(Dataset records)
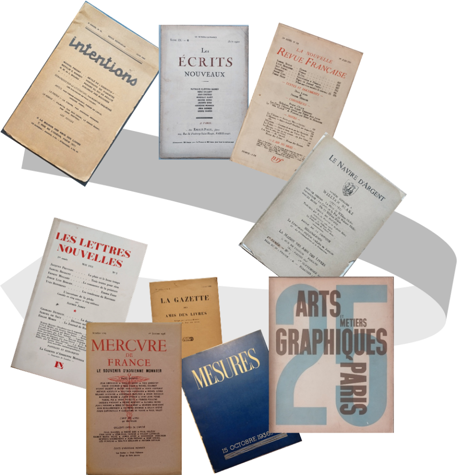 El primer període, Diversificació d’articles, destaca per una certa varietat de revistes on Adrienne Monnier va publicar: Intentions, Les Écrits Nouveaux, Le Navire d’Argent i La Nouvelle Revue Française (NRF). En les tres primeres revistes citades Monnier dedica poemes a bons amics literats: Gide, Larbaud, Léon-Paul Fargue i a la seva amiga pintora i gravadora Marie Laurencin. En canvi, el segon període, Concentració d’articles, destaca per l’acumulació d’articles en dues revistes. Els vint-i-cinc articles de Monnier editats per la prestigiosa i important revista literària NRF es publiquen entre els anys 1934 i 1938, abans del canvi d’orientació de la revista de l’any 1940 i del seu tancament l’any 1943. És possible que Monnier, conscient del buit deixat per la NRF, fes un nou esforç econòmic i edités La Gazette des Amis des Livres, on pot expressar-se lliurement. Aquí és on apareixen en exclusiva dinou articles. En aquest període, Adrienne Monnier també publica en revistes de gran prestigi literari i artístic com: Mesures (un article), ARTS ET MÉTIERS GRAPHIQUES (un article) i VERVE (un article)7Cal recordar que les xifres, nombre d’articles i revistes poden augmentar ja que, com es diu al llarg dels post, la recerca dels articles, a data de desembre de 2025, no està finalitzada.. En aquests anys també col·labora amb breus gazettes (articles curts) a diferents setmanaris com per exemple Vendredi, Le Figaro Littéraire, Fontaine, etc.
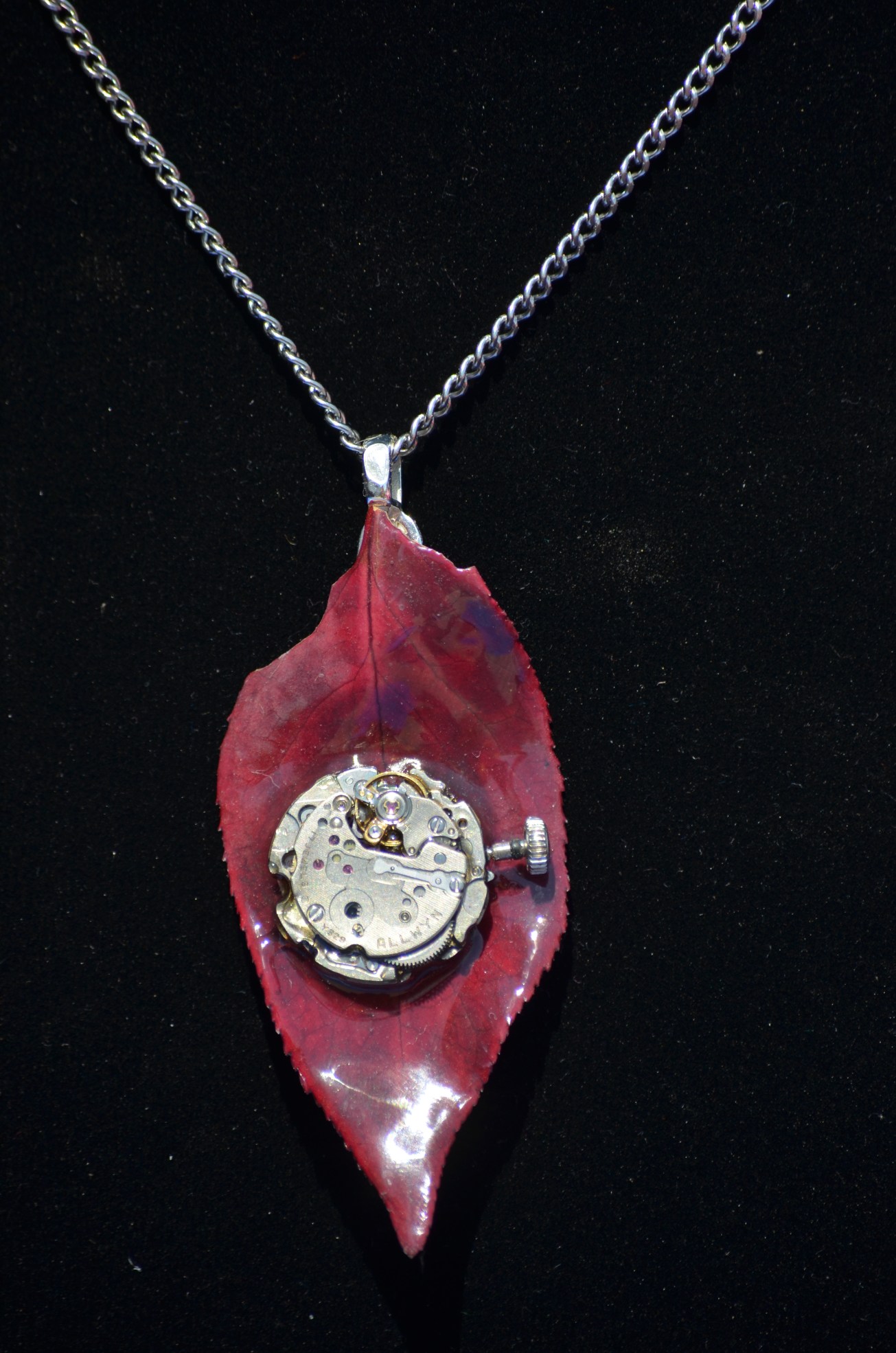 This necklace was made using a leaf from a plant called the Chokeberry ( Aronia arbutifolia Brilliantissima). This bush turns the pear shaped green leaves into a fiery red color at fall. This is one of those leaves, and it was coated in resin to prevent it from decomposing. There is a small antique watch movement, attached in the center of the leaf. This has a silver plated bail on the back and a stainless steel chain. It is a great mixture of industrial and natural elements.
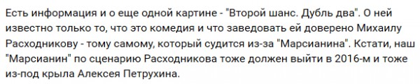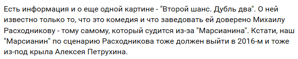 Собственно, я, конечно, плевал на всякие расходные материалы, меня-то в этой новости заинтересовало то, что наш "Марсианин" должен выйти из-под крыла Петрухина. Представляю себе этот шедевр. В пику, так сказать, Ридли Скотту.
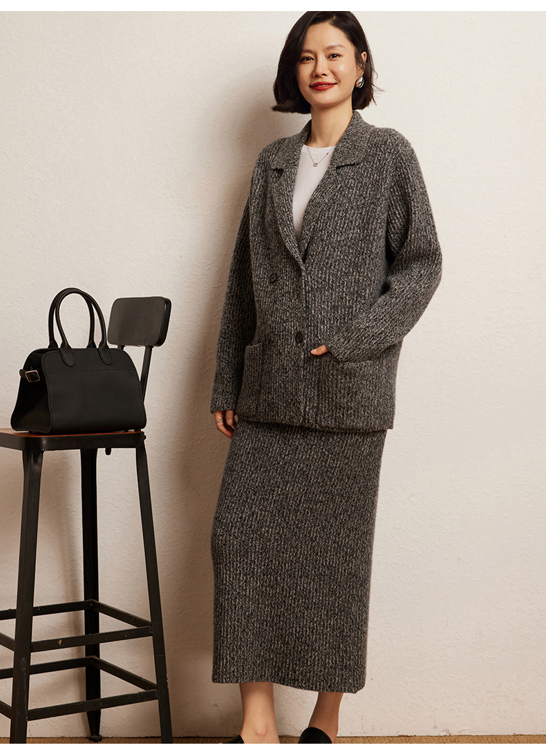 세트 칼라 캐시미어 스웨터 2024 가을 겨울 새로운 여성 플로라 투피스 스커트 한국식 코트 샤넬 스타일
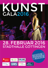 Die KUNST-Gala ist wohl die außergewöhnlichste Kulturveranstaltung in der Region: am Sonntag, 28. Februar 2016 ab 18 Uhr treten fast 150 KünstlerInnen aus zahlreichen Göttinger Kultur-Einrichtungen wie dem Deutschen Theater, dem Göttinger Symphonie Orchester, dem Jungen Theater, der Musa, dem KAZ oder von Art la Danse an einem Abend auf der Stadthallen-Bühne auf! Musik verschiedener Stilrichtungen, Theater, Tanz, Akrobatik und mehr: das alles gibt es bei der Göttinger Kunst-Gala zu sehen und zu erleben!
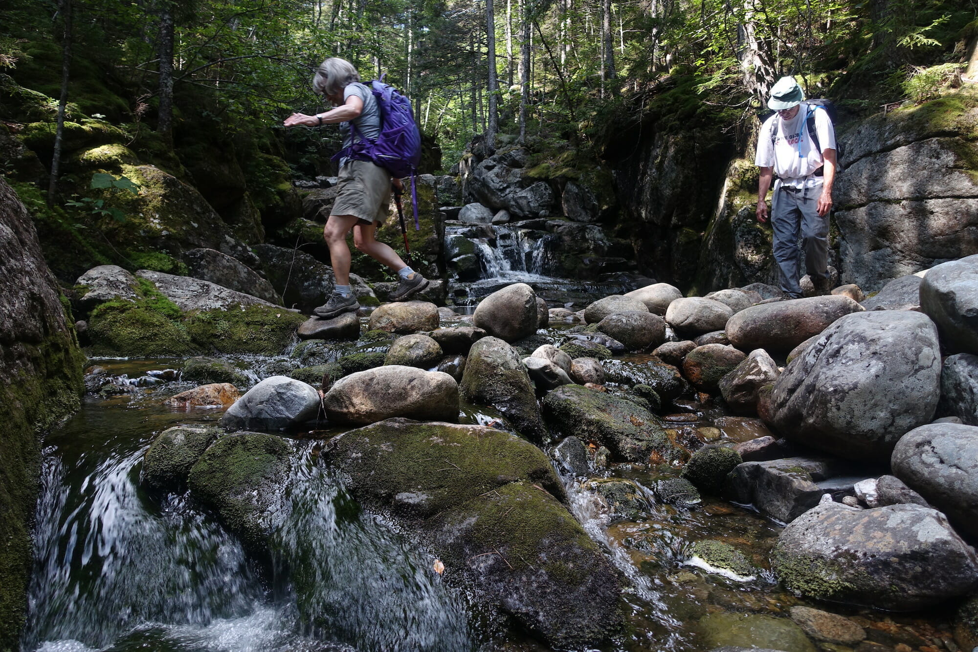 For days with questionable weather, we often head to Basin Rim. The hike is almost entirely in in the trees, providing shelter from rain. The route offers both lovely brooks and a viewpoint at the end, and trails offer good options for some hikers to walk back to Cold River Camp if the weather clears up.
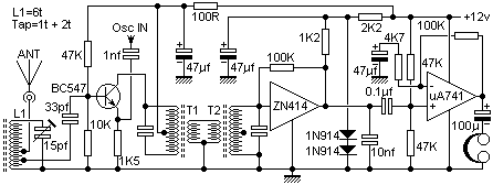 This is a project from the dim and distant past which has proved to be a real winner. I have used it as the basis for an 8 channel proportional R/C (AM) as well as a 145MHz FM "chat box". The receiver is very simple and is given above. It consists of a single transistor mixer then a ZN414 radio IC to provide the gain and detection. A 741 OP-AMP is used as the final audio stage, but this could be replaced with an LM380, if you want to drive a small loudspeaker.
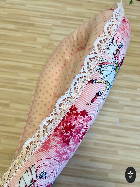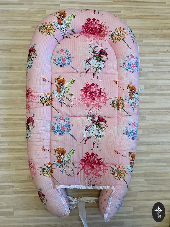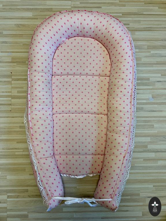 Милое гнездышко, очень полезное в первые месяцы жизни малыша. Небольшое, но не мешающее использованию повреждение - декоративная обертка вокруг веревки оторвалась, и когда хочется крепче завязать гнездышко, видна синяя веревочка (видно на фото). Без пятен и других повреждений. Находится в Смильтене.

#### What is expected
An exact copy is needed of the entries above, starting at the line that holds "Собственно, я, конечно, плевал" and stopping at the line that holds "세트 칼라 캐시미어 스웨터", both kept; pictures stay out.

#### Solution for this task
 Собственно, я, конечно, плевал на всякие расходные материалы, меня-то в этой новости заинтересовало то, что наш "Марсианин" должен выйти из-под крыла Петрухина. Представляю себе этот шедевр. В пику, так сказать, Ридли Скотту.
 세트 칼라 캐시미어 스웨터 2024 가을 겨울 새로운 여성 플로라 투피스 스커트 한국식 코트 샤넬 스타일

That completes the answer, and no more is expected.